Trapped in the closet

The Elephant in My Closet is a one-man show from David Lee Nelson about coming out of the closet to his father ... as a Democrat. We’ve used that line several times in our pre-festival coverage, but really, the show’s about a lot more than that. It’s about the past and current state of politics in the U.S. and the fall of the GOP. It’s about being a proud Republican and then having it ripped away by a string of disappointing decisions made by the country’s leaders. And it’s about switching sides — for now, at least.

Nelson is a 2000 College of Charleston grad who makes his living as a comedian in New York, and he’s brought two other successful shows to Piccolo over the years, Skinny White Comics and Status Update. His latest production was co-created by Adam Knight, with dramaturgy by Kristin Vieira. Elephant doesn’t earn the guffaws that his previous shows did, but most people are a lot more serious about the subject of politics than, say, Facebook.

The set is spare. Nelson sits behind a desk with his notes, a pen, and a microphone in front of him, looking a bit like a late-night host or a political pundit. Photos and quotes are projected behind him using a basic PowerPoint presentation, giving the feel of a college course with a cool professor who talks so fast and with such enthusiasm that he occasionally stumbles over his words and spits on the students on the front row.

And Act 1 is much like a college course as Nelson gives us a quick-hitting history of the Republican Party, all the way back to when it was centered in the Northern states and its platform included stopping the spread of slavery and modernizing the economy. “Republicans were amazing,” Nelson says. “It’s like those old photos of your grandma when you realize she was once gorgeous and slutty. Republicans were gorgeous and slutty!”
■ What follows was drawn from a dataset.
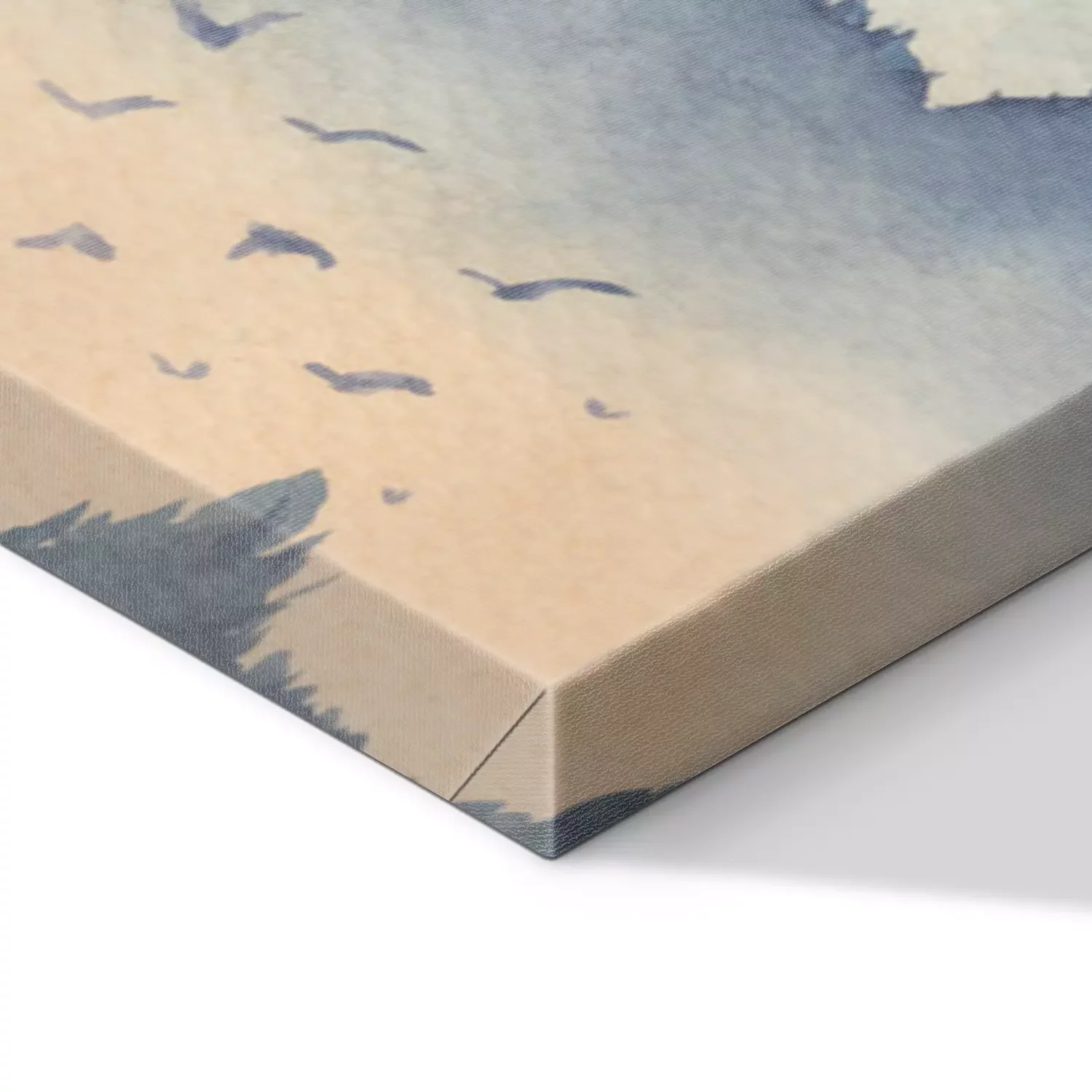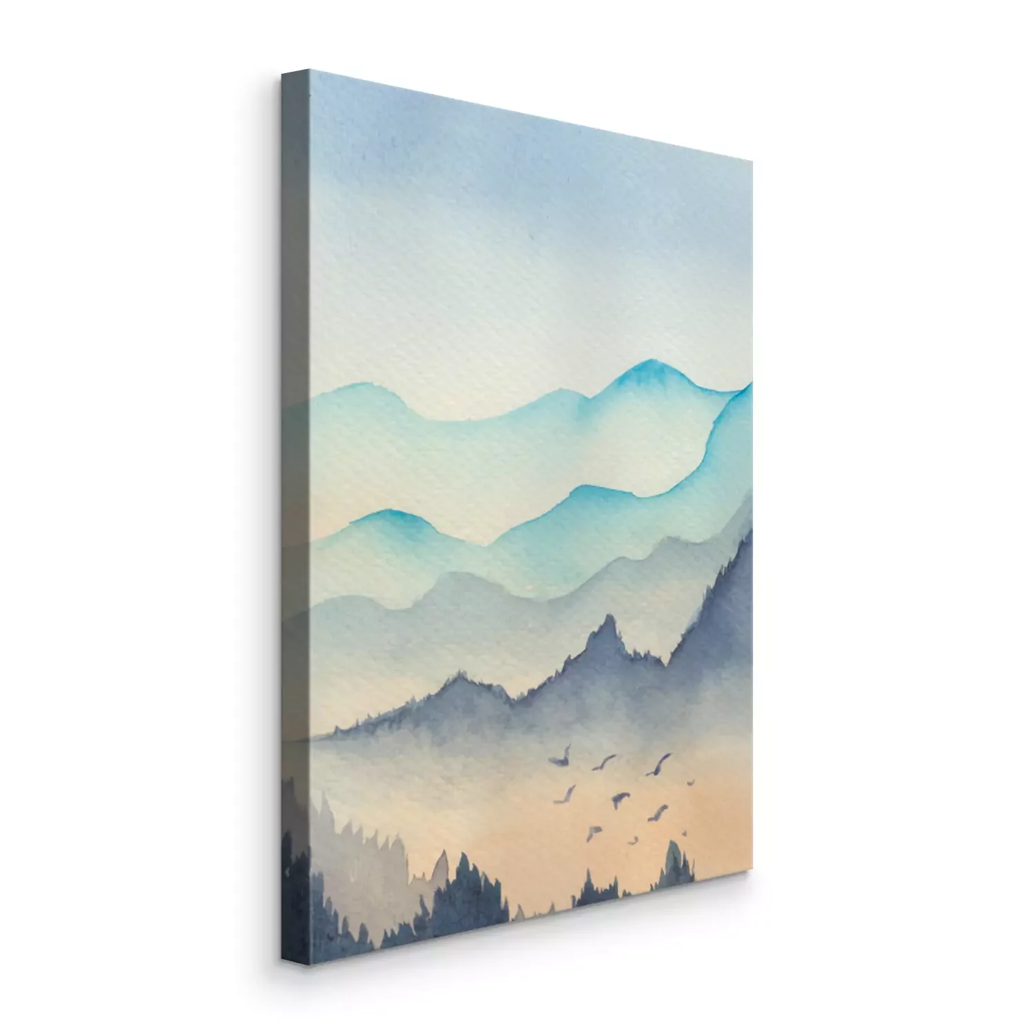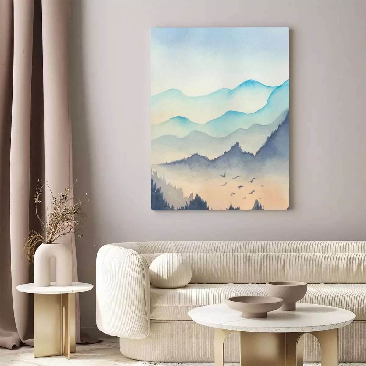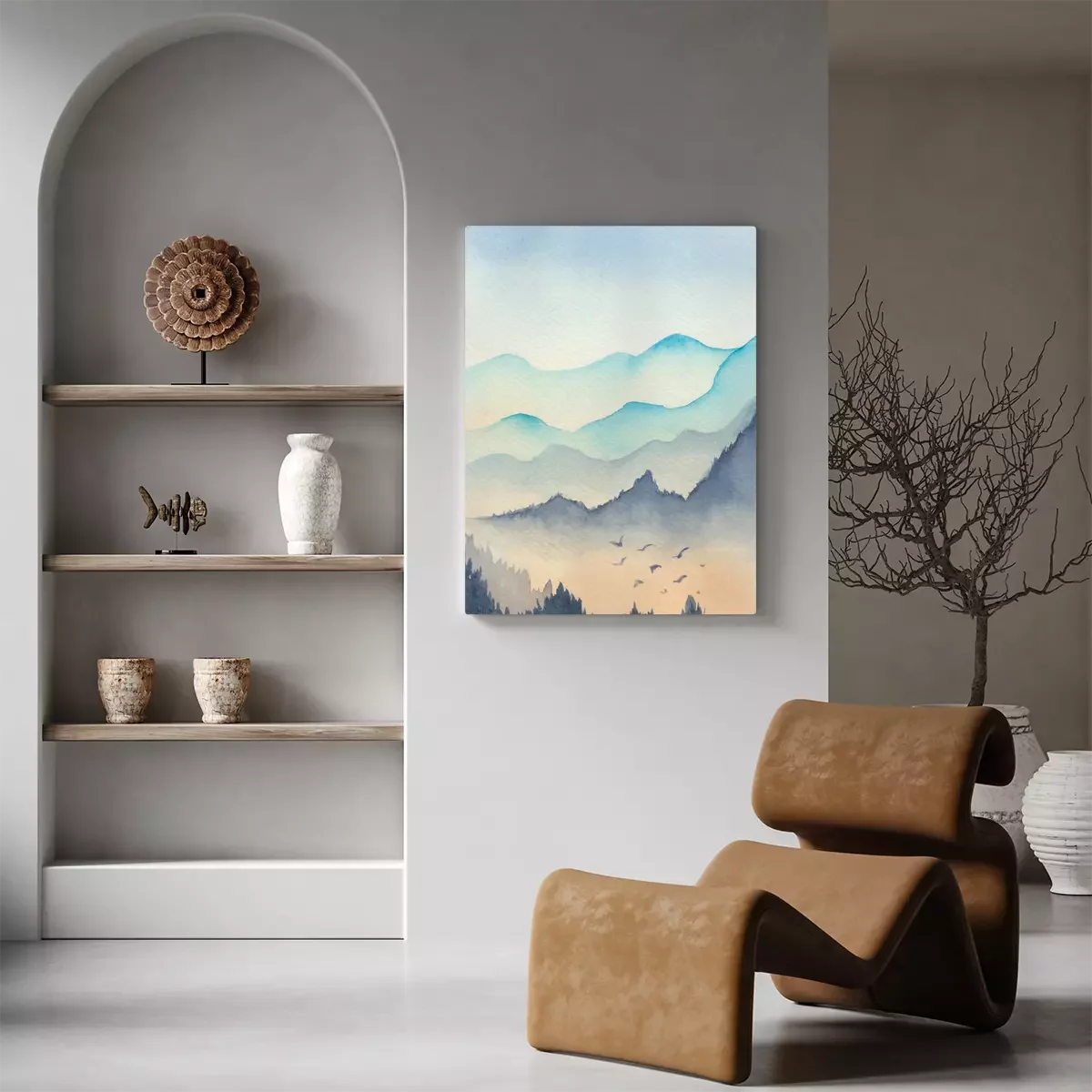 Tableau  Paysage de montagnes bleues dans le brouillard avec oiseau

He then talks about his family’s history with the party, his father’s fanatic devotion, and how, as a kid, Nelson was just as fanatic. It’s how he bonded with his dad, and as he got into the theater world and started to meet more Democrats, he became the voice of the right. Politics were a team sport — much like his family’s beloved Hokie football — and he wanted to win.
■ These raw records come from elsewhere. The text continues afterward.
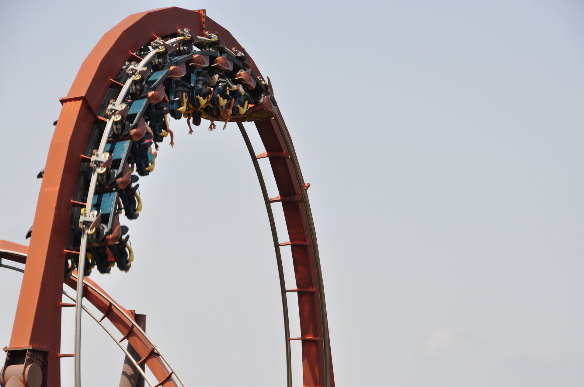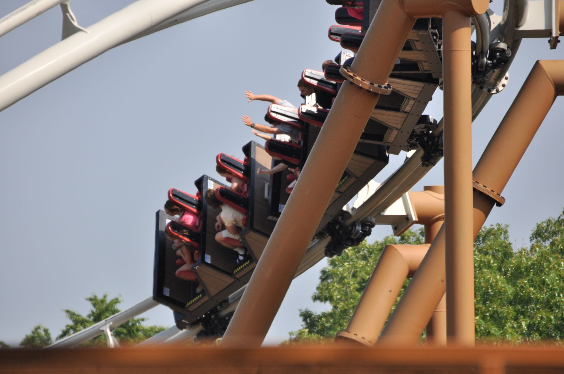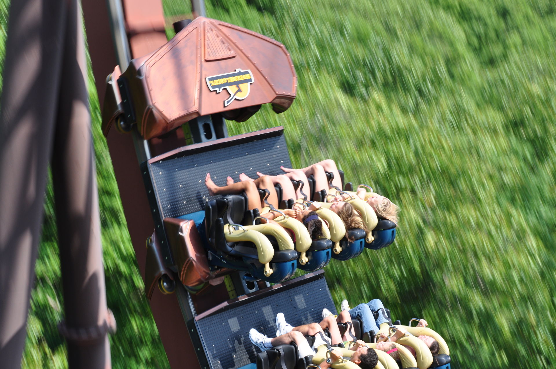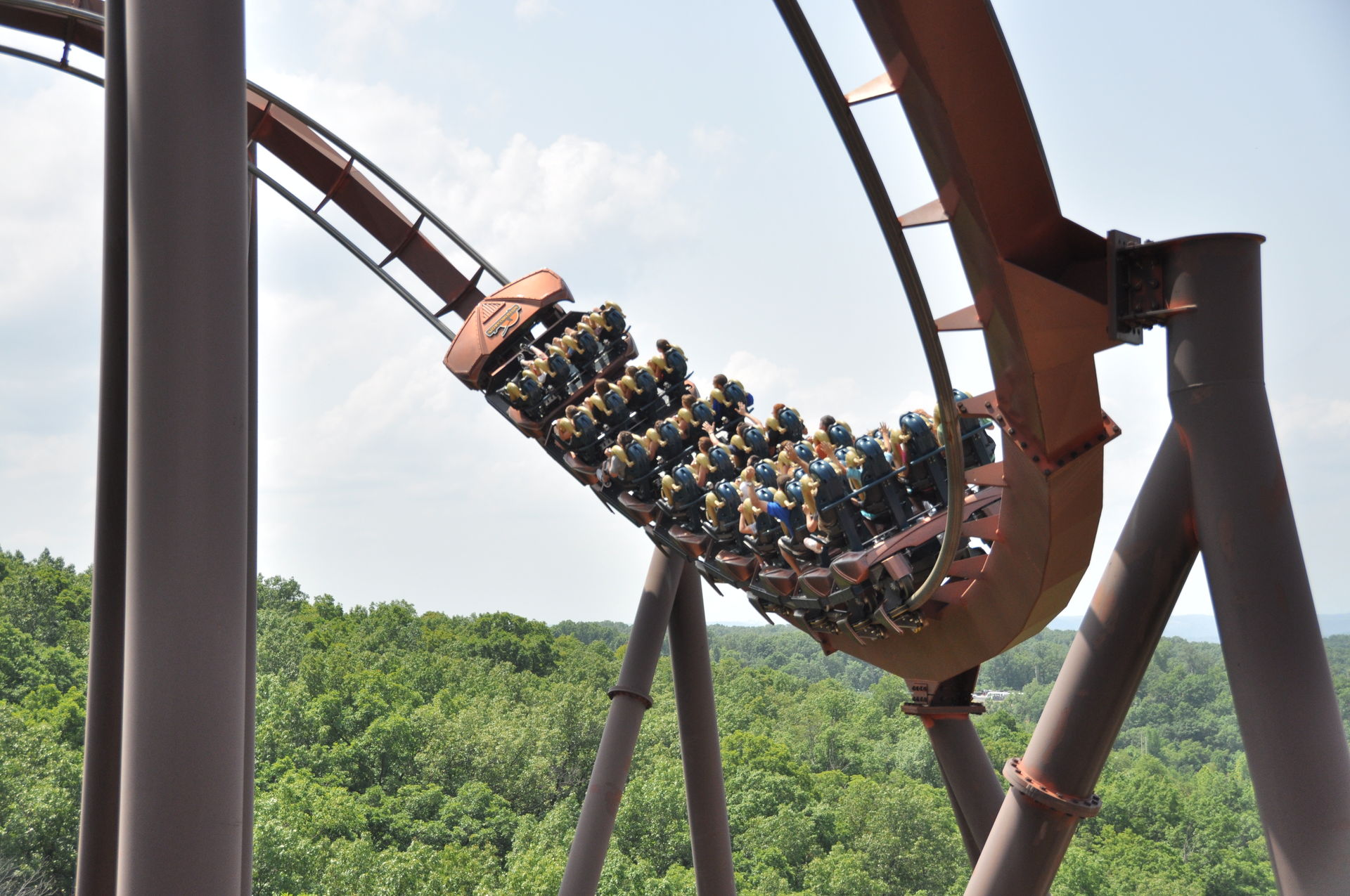 Cobra Roll. Letzteres befindet sich an der höchsten Stelle auf Augenhöhe mit der Aussichtsplattform, so dass auch die Chicken (diejenigen, die eine Fahrt nicht wagen) die Bahn genießen können.
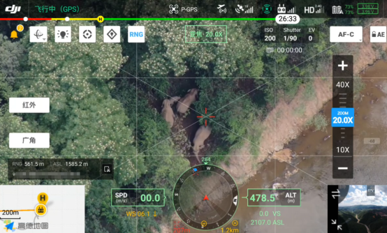 500米外,無人機通過高倍變焦畫麵開展監測(圖源:北移亞(ya) 洲象監測組-李仁培、羅家全、李靖宇、柏兵)
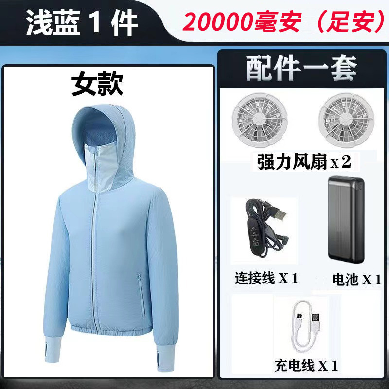 • 여성 라이트 블루 단일 의류 발 20000 배터리 팬 1 쌍의 케이블
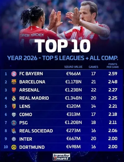 📊 Лучшие команды в 2026 году по среднему набору очков за игру во всех турнирах. 🫥 ФутМания | Футбол
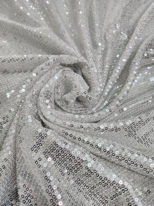Shimmering Sequin-Embellished Net Lycra Textile in Silver
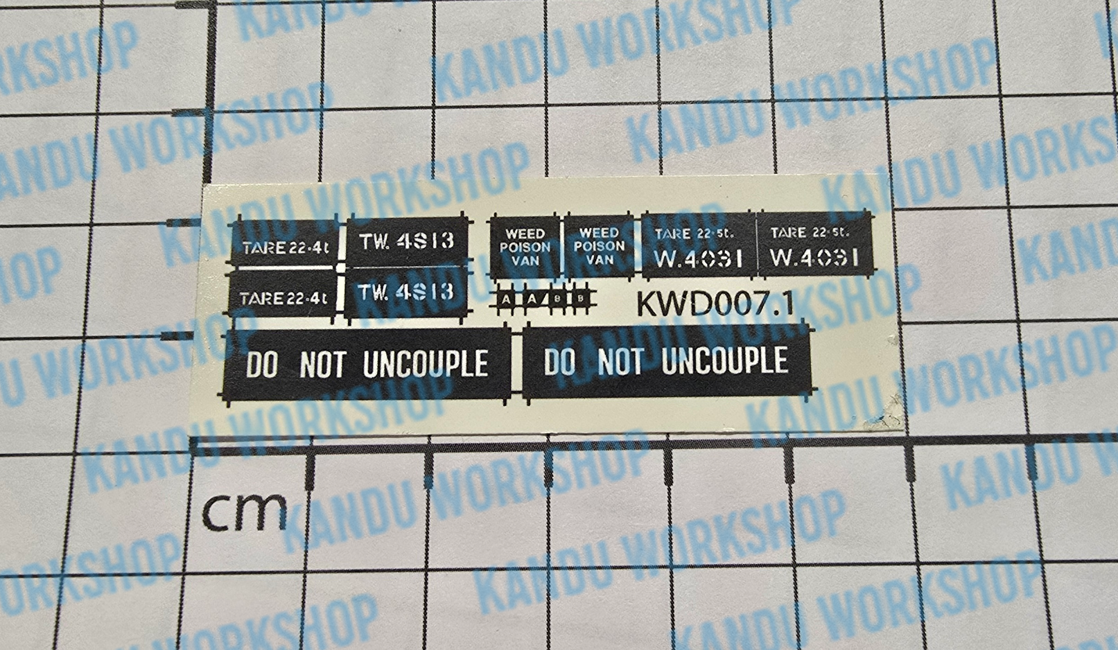 Waterslide Decals printed onto a White decal film. These are to suit the SAR weed spray/ poison train in HO Scale

The gay marriage debate was his first big disappointment in the party, and then there was the war in Iraq, and then Sarah Palin. And that’s when he lost faith in the GOP. That’s when turned off Rush Limbaugh on the radio dial and began listening to jazz. That’s when he voted for Obama (an admission that earned applause from the audience).
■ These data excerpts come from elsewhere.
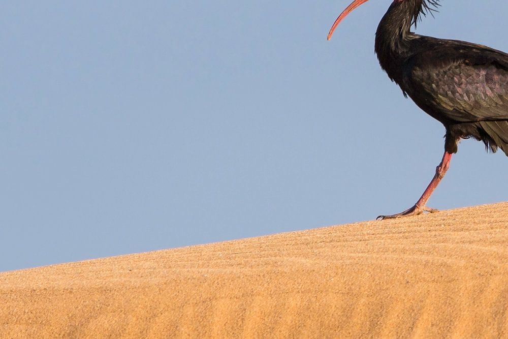 Heremietibis (Geronticus eremita) beim Spaziergang über eine Sanddüne in Marokko, Foto: Dubi Shapiro.
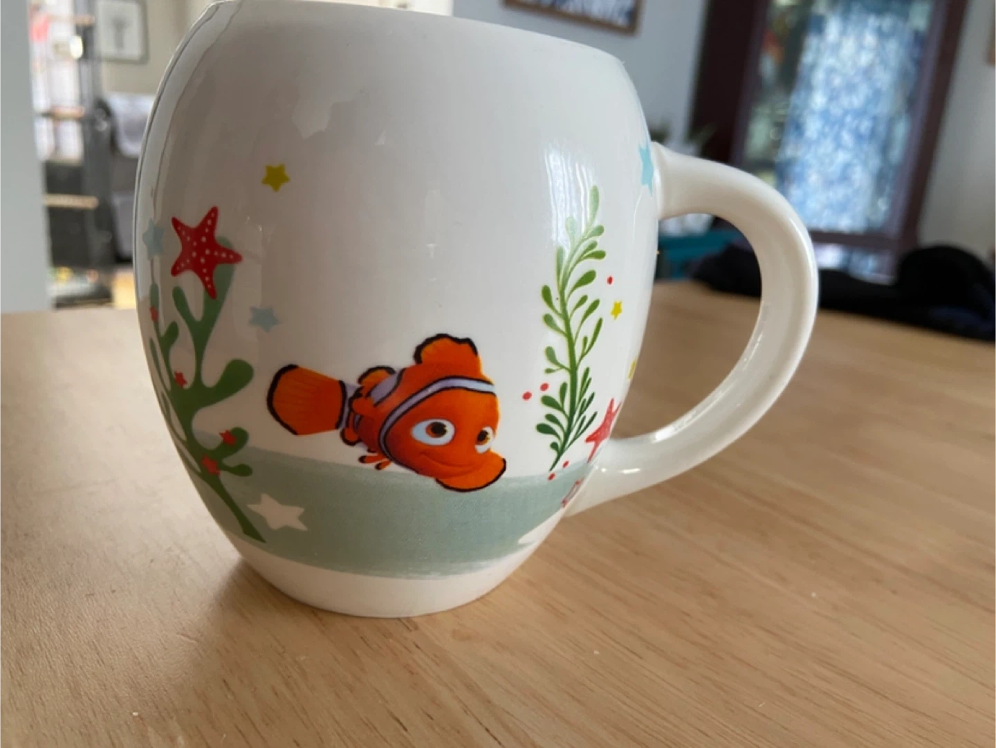 White ceramic mug featuring characters from Finding Nemo and Finding Dory, including Dory and Nemo. It's got fun underwater graphics. This mug is perfect for enjoying your morning coffee or tea!
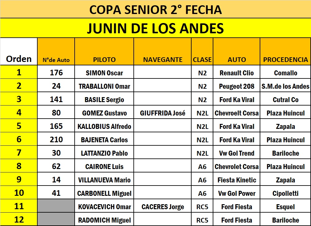 Por último, la Copa Senior tendrá 12 participantes. Los mismos son Oscar Simón, Omar Traballoni, Sergio Basile, Gustavo Gómez, Alfredo Kallobius, Carlos Bajeneta, Pablo Lattanzio, Luis Cairone, Mario Villanueva, Miguel Carbonell, Omar Kovacevich y Miguel Radomich. La primera fecha en Bajada del Agrio fue ganada por Miguel Carbonell.
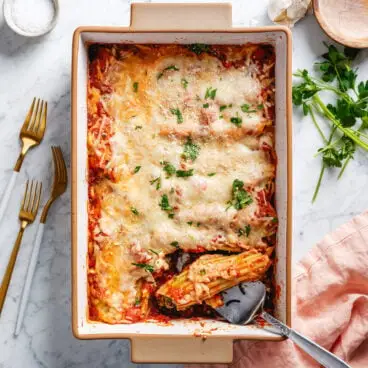 Envie d'une pâtisserie de pâtes conviviale ? Essayez ceci recette de manicottis , une cuisine réconfortante italo-américaine classique à son meilleur ! Il y a quelque chose de si irrésistible dans les tubes de pâtes remplis de trois fromages et baignés de sauce tomate piquante à l’ail. Cette recette est vraiment la façon la plus simple de préparer des manicotti : tu n'as même pas besoin de faire bouillir des pâtes ! Aucune cuisson sur la cuisinière requise et aucun tube de pâtes fragiles farcis. Remplissez-les à sec, puis mettez-les au four pour pouvoir profiter de tout le fromage crémeux et de la garniture salée sans problème !

Nelson’s earnest, thoughtful, and mostly balanced approach to the wild world of politics make this show accessible to anyone, although it’s obviously more appealing to Democrats, because they have something to cheer for in the end. Only in the epilogue does Nelson tell his father the news — after he spots a poster for Nelson’s new show — and it’s a bittersweet ending. They’ve lost the bond of shared political views, but at least there’s always Hokie football.